Ed Miliband understands that people want a government that understands their concerns about Europe but is not obsessed with it.

I feel quite conflicted with Labour leader Ed Miliband’s decision only to hold an EU referendum under a Labour government if the UK is asked to transfer more powers to Brussels. I’m conflicted because, while I am unashamedly pro EU, I dislike what I perceive is a fear of giving people a say.

Undoubtedly, though, this is a clever political move on the part of the Labour leader. This will leave the Tories to tear themselves apart over Europe and will reassure the business community that, under a Labour government, there will be a sense of certainty going into the next parliament.

As I wrote last week, it is now wrong to call the Tories the party of business – on issues such as immigration and Europe they are starkly at odds with the business community.

And yet I would still quite like an EU referendum in order to put the issue to bed – providing, that is, the UK votes to stay inside the EU, something which is far from guaranteed with the legions of misinformation on Europe pumped out by the tabloids.

As Ed Miliband has made clear today, though, the case for Britain’s continued membership of the EU is strong.

For the left, the continued importance of the European project should be self-evident. Corporations and wealthy individuals already behave globally, and the labour movement will also have to think transnationally unless it wishes to sink into irrelevance and see the social gains of the 20th century wiped out by a borderless capitalism.

Even modest social democratic reforms can no longer occur in a single country. There is nothing to stop those with a few hundred thousand in the bank from upping sticks and moving abroad when they’re feeling a bit stingy. Those who wish to create a more equal society will in future have to think in a similarly borderless fashion – or at a minimum throw their lot in with bigger democratic institutions that have the power to set cross-border tax rates such as the EU.

Europe is generally considered anathema for conservatives; yet it is difficult to envisage Britain punching above its weight on the world stage in the coming century if it goes it alone.

Indeed, contrary to popular feeling it is the mentality of the Little Englander which stands athwart the wrong side of history yelling ‘stop’.
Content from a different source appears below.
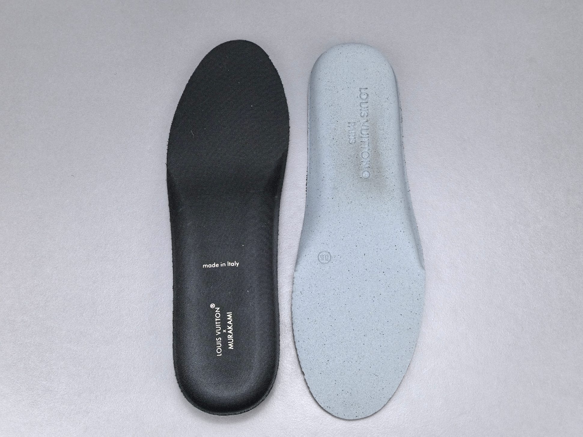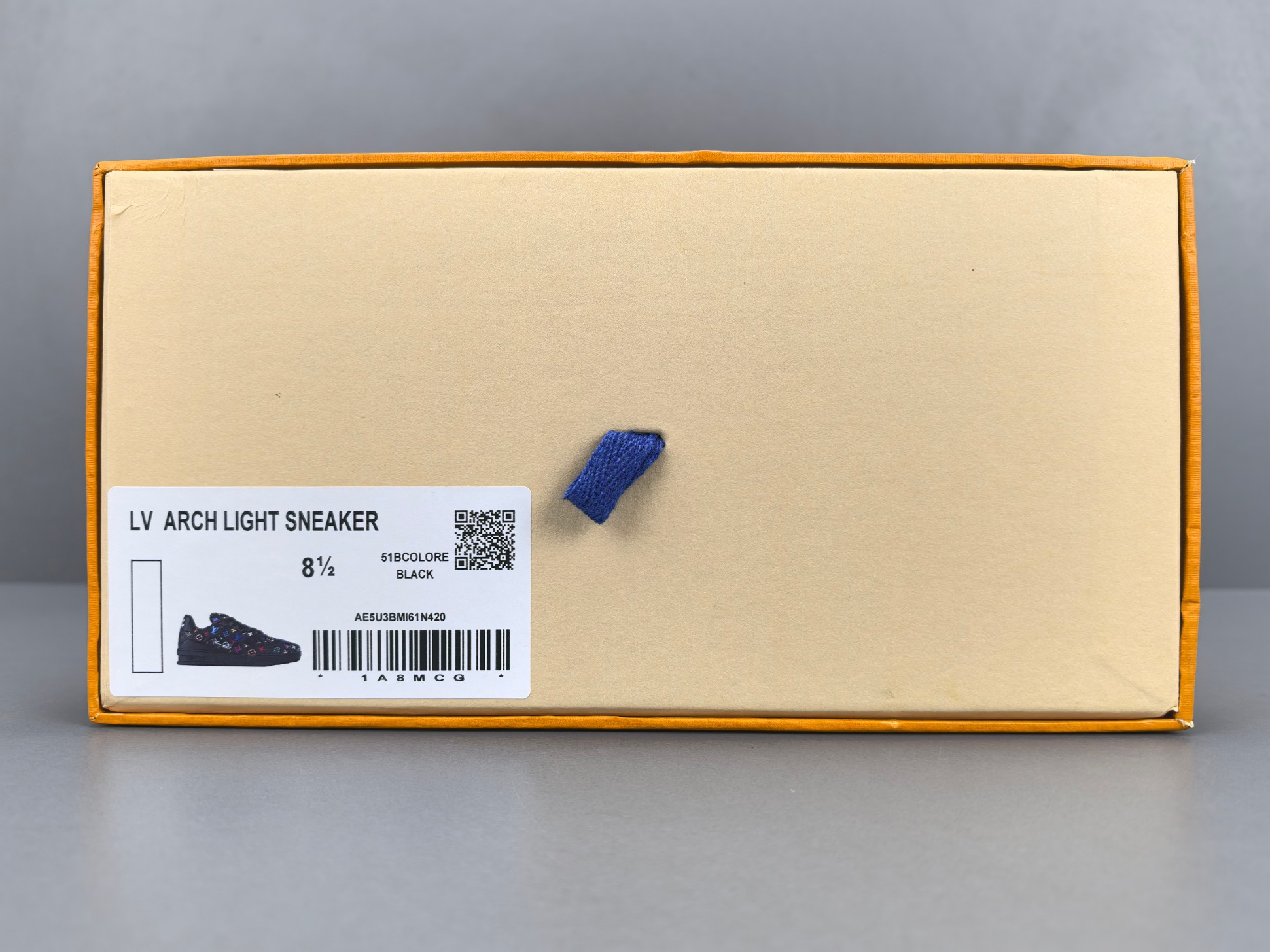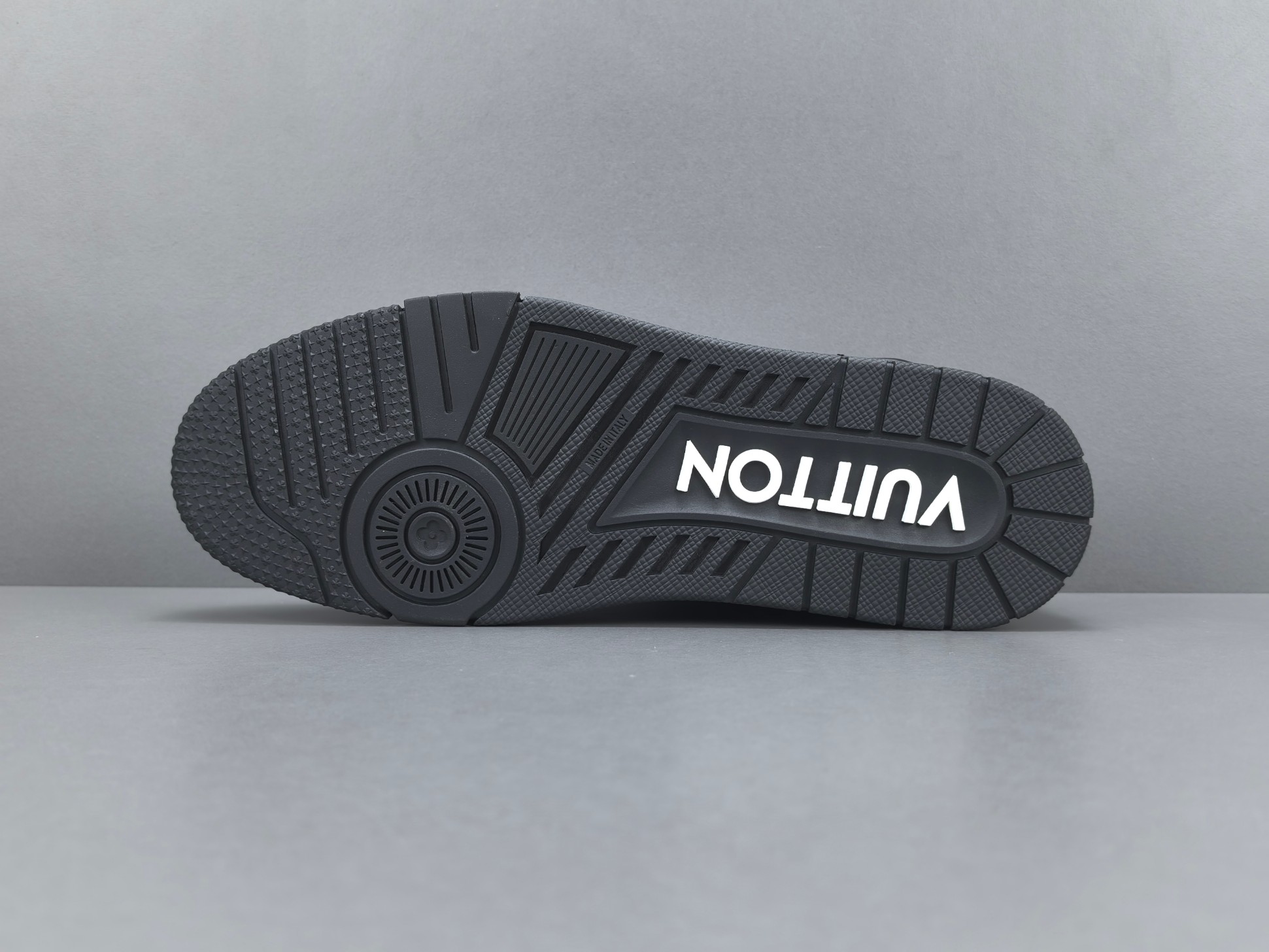 Les détails de finition incluent le logo LV emblématique sur le côté et la languette, ainsi que des lacets noirs qui complètent l’esthétique épurée de la chaussure. Chaque paire est numérotée, soulignant son caractère exclusif et sa valeur en tant que pièce de collection.

Contrary to the coverage the issue receives in the media, Europe tends to come out fairly low on the list of voters’ concerns. However, paradoxically issues on which Europe actually makes a difference come out much higher – immigration if often cited as the public’s biggest concern, and is effected a great deal by Britain’s continued membership of the EU.

The real question, however, is whether immigration – and by extension the EU – are the issues that will change the minds of voters in 2015. Ed Miliband has hedged his bets that they won’t, and believes that people want a government that understands their concerns about Europe but is not obsessed with it. I’m inclined to agree with him.